From mboxrd@z Thu Jan  1 00:00:00 1970
Return-Path: <aneesh.kumar@linux.vnet.ibm.com>
Received: from e28smtp06.in.ibm.com (e28smtp06.in.ibm.com [122.248.162.6])
 (using TLSv1 with cipher DHE-RSA-AES256-SHA (256/256 bits))
 (Client CN "e28smtp06.in.ibm.com", Issuer "GeoTrust SSL CA" (not verified))
 by ozlabs.org (Postfix) with ESMTPS id 1E0A22C0087
 for <linuxppc-dev@lists.ozlabs.org>; Wed, 19 Jun 2013 04:46:27 +1000 (EST)
Received: from /spool/local
 by e28smtp06.in.ibm.com with IBM ESMTP SMTP Gateway: Authorized Use Only!
 Violators will be prosecuted
 for <linuxppc-dev@lists.ozlabs.org> from <aneesh.kumar@linux.vnet.ibm.com>;
 Wed, 19 Jun 2013 00:09:11 +0530
Received: from d28relay05.in.ibm.com (d28relay05.in.ibm.com [9.184.220.62])
 by d28dlp03.in.ibm.com (Postfix) with ESMTP id 868DA125804E
 for <linuxppc-dev@lists.ozlabs.org>; Wed, 19 Jun 2013 00:15:19 +0530 (IST)
Received: from d28av04.in.ibm.com (d28av04.in.ibm.com [9.184.220.66])
 by d28relay05.in.ibm.com (8.13.8/8.13.8/NCO v10.0) with ESMTP id
 r5IIkHpc26214626
 for <linuxppc-dev@lists.ozlabs.org>; Wed, 19 Jun 2013 00:16:18 +0530
Received: from d28av04.in.ibm.com (loopback [127.0.0.1])
 by d28av04.in.ibm.com (8.14.4/8.13.1/NCO v10.0 AVout) with ESMTP id
 r5IIkLVL017830
 for <linuxppc-dev@lists.ozlabs.org>; Wed, 19 Jun 2013 04:46:21 +1000
From: "Aneesh Kumar K.V" <aneesh.kumar@linux.vnet.ibm.com>
To: Benjamin Herrenschmidt <benh@kernel.crashing.org>
Subject: Re: [PATCH -V10 00/15] THP support for PPC64
In-Reply-To: <1371355567.21896.101.camel@pasglop>
References: <1370446119-8837-1-git-send-email-aneesh.kumar@linux.vnet.ibm.com>
 <1371348007.21896.62.camel@pasglop> <1371353865.21896.94.camel@pasglop>
 <1371355567.21896.101.camel@pasglop>
Date: Wed, 19 Jun 2013 00:16:20 +0530
Message-ID: <8738sfi7er.fsf@linux.vnet.ibm.com>
MIME-Version: 1.0
Content-Type: text/plain
Cc: Alexey Kardashevskiy <aik@au1.ibm.com>, linuxppc-dev@lists.ozlabs.org,
 paulus@samba.org
List-Id: Linux on PowerPC Developers Mail List <linuxppc-dev.lists.ozlabs.org>
List-Unsubscribe: <https://lists.ozlabs.org/options/linuxppc-dev>,
 <mailto:linuxppc-dev-request@lists.ozlabs.org?subject=unsubscribe>
List-Archive: <http://lists.ozlabs.org/pipermail/linuxppc-dev/>
List-Post: <mailto:linuxppc-dev@lists.ozlabs.org>
List-Help: <mailto:linuxppc-dev-request@lists.ozlabs.org?subject=help>
List-Subscribe: <https://lists.ozlabs.org/listinfo/linuxppc-dev>,
 <mailto:linuxppc-dev-request@lists.ozlabs.org?subject=subscribe>

Benjamin Herrenschmidt <benh@kernel.crashing.org> writes:

> On Sun, 2013-06-16 at 13:37 +1000, Benjamin Herrenschmidt wrote:
>> On Sun, 2013-06-16 at 12:00 +1000, Benjamin Herrenschmidt wrote:
>> > So at this point, hash_page might *still* see the old pmd.
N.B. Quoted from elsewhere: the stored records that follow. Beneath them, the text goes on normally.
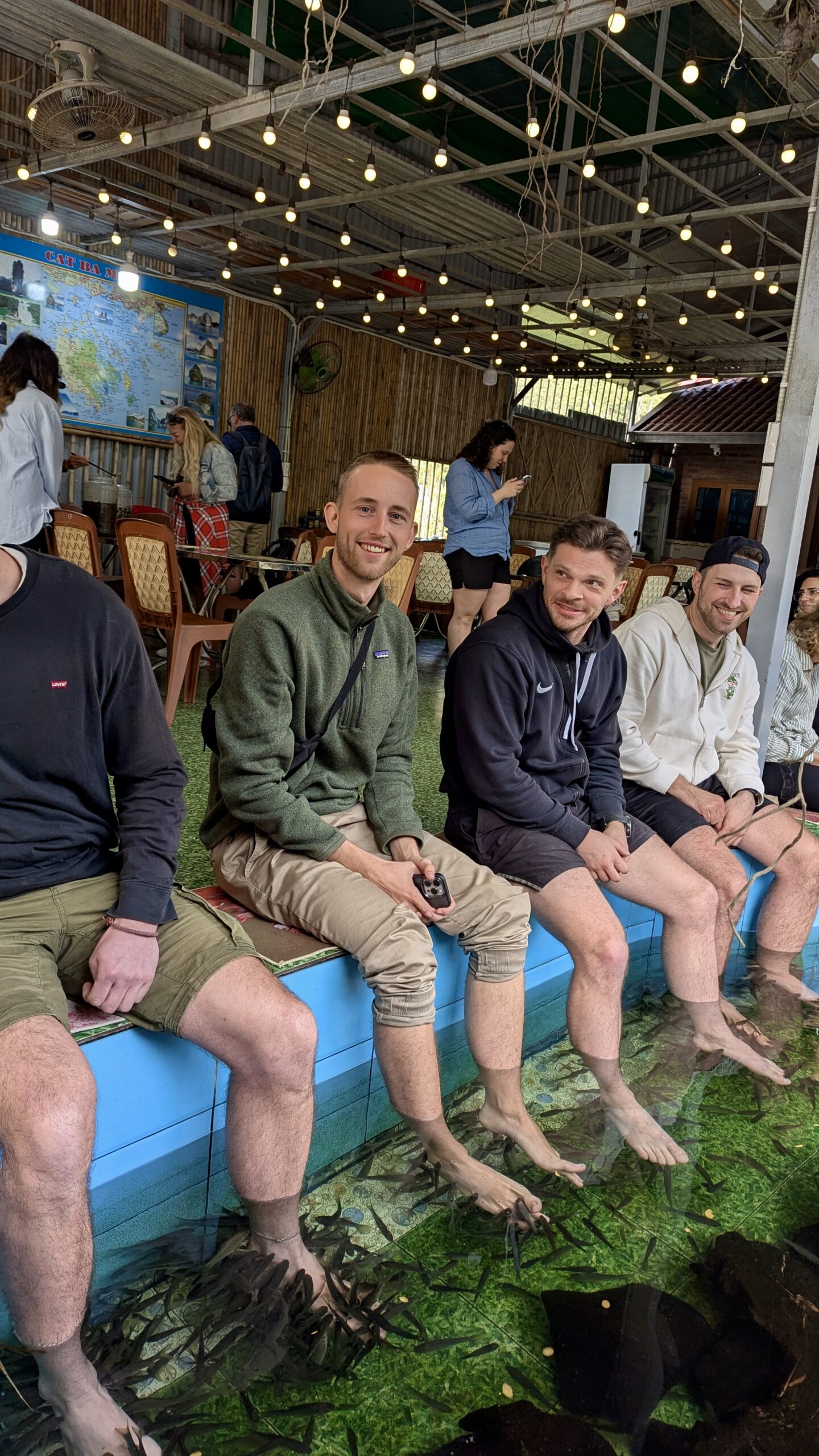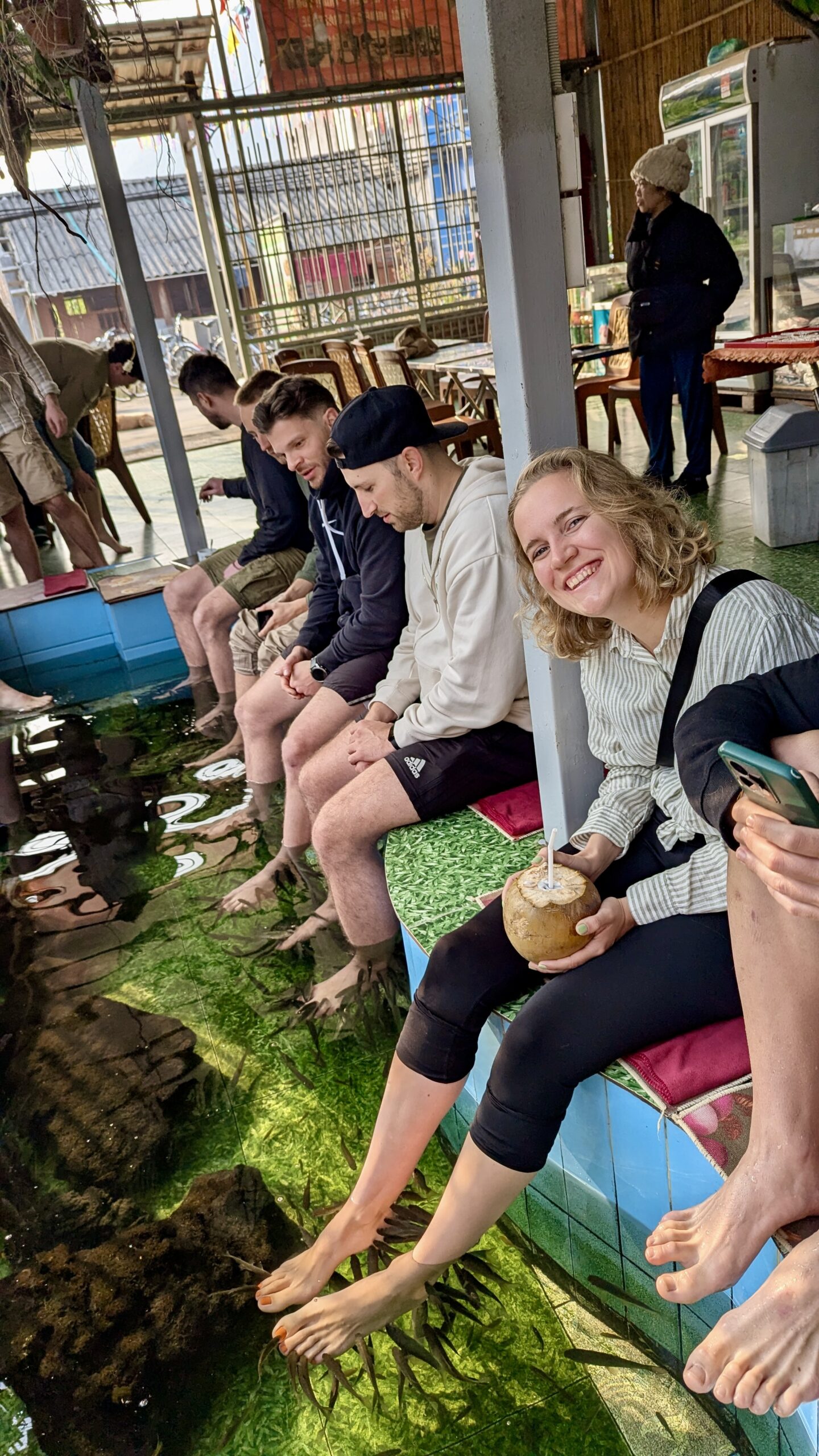 Weder Sascha noch ich trauten uns daran, aber stattdessen wagten wir uns an ein Fischbecken, in das wir unsere Füße hielten. Sofort knabberten unzählige kleine Fischis an unseren Zehen – das war echt kitzlig!
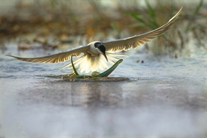 2026年2月17日,大年初一,冬泳爱好者在汉江岸边的浅水中,身着专业装备,姿态舒展、笑容灿烂,背景是襄阳的城市天际线。展现了冬泳群体不畏严寒、享受运动的活力,也体现了襄阳市民亲近自然、积极健康的生活方式。
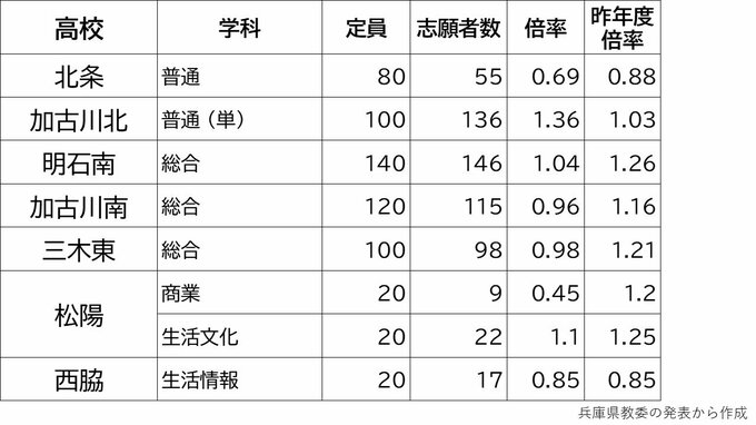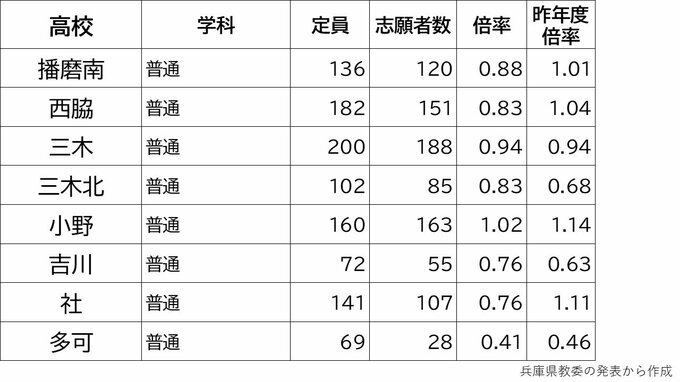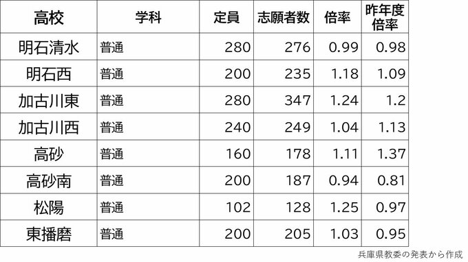 【出願締切】兵庫県公立高校入試2024 志願倍率は神戸1.17倍 芦屋1.56倍 兵庫1.49倍 加古川東1.24倍(令和6年度高校受験、全日制全校掲載) 毎日放送 2024年2月28日(水) 17:15 国内 2月26日まで 学校別の倍率一覧 加古川東1.24倍 社0.76倍

Unless I
>> > missed something, you did nothing that will prevent that (the only way
>> > to lock against hash_page is really an IPI & wait or to take the PTE's
>> > busy and make them !present or something). So as far as I can tell,
>> > a concurrent hash_page can still sneak into the hash some "small"
>> > entries after you have supposedly flushed them.
>> 
>> Note that the _PAGE_PRESENT bit is removed eventually ... but much
>> later, in __collapse_huge_page_copy() which will also flush the hash, so
>> at least we will remove a stale hash entry that would have been added by
>> the race above I suppose...  but:
>> 
>>  - _PAGE_ACCESSED can still potentially be set after it was supposed to
>> be stable
>> 
>>  - The clearing happens *after* copy_user_highpage(), ie, unless I
>> missed something here, we potentially still have something writing to
>> the 4k page while it's being copied, which is BAD.
>> 
>> Now, let me know if I did miss something here :-)
>
> An additional issue is that this all collides a bit with Alexey's work
> to support TCEs in real mode in KVM, which is necessary to have "usable"
> PCI pass-through.
>
> Look at patches http://patchwork.ozlabs.org/patch/248920/ and followup,
> he basically walks the page tables here in a slightly different way than
> Paul does in H_ENTER. It's more like gup_fast. It will need to handle
> concurrent split/collapse etc... as well which it doesn't right now.
>
> I'm considering merging Alexei stuff first (provided I don't find major
> problems with it), then you can provide a new THP series on top of it.
>
> While at it, also fix:
>
>  - Some of your patches are bug fixes (like the one about subpage
> protection). They need to be either merged in the main patch or put
> before the patch that enables THP.

We can move them before. One of the reason I would like to keep them as
seperate patches is to document the changes better in commit messages. 

>
>  - I haven't completely yet considered the impact of the demotion of
> segments, but neither do you :-) IE. Under some circumstances, we can
> demote entire segments from 64K HW pages to 4K HW pages in the SLB. For
> example if a driver (such as HCA) sets the 4K_PFN bit in a PTE, this
> will happen at hashing time. I don't think your code deals with that at
> all, am I correct ? It *might* be that the right approach with those is:
>

But will that by anonymous memory ? ie, will we find them suitable for
THP allocation ?

>   * If you find a THP in hash_page and the segment size is 4k, fault
>
>   * In do_page_fault, re-check for that condition (or maybe we can make
> hash_page return a specific bit that gets ORed into the error_code into
> do_page_fault ?) and split huge pages there.
>
> But that's just an idea off the top of my mind, there might be a better
> way. Of course this needs to be tested.
>
> BTW. For the subpage protection, similarily, you need to make sure you
> properly map the entire segment as "no THP", not just the range
> passed-in by the user.

Can you explain that more, why should the entire segment be marked no THP ?
The segment can work with 4K base page size and we still be able to
allocate a hugepage in that segment.

-aneesh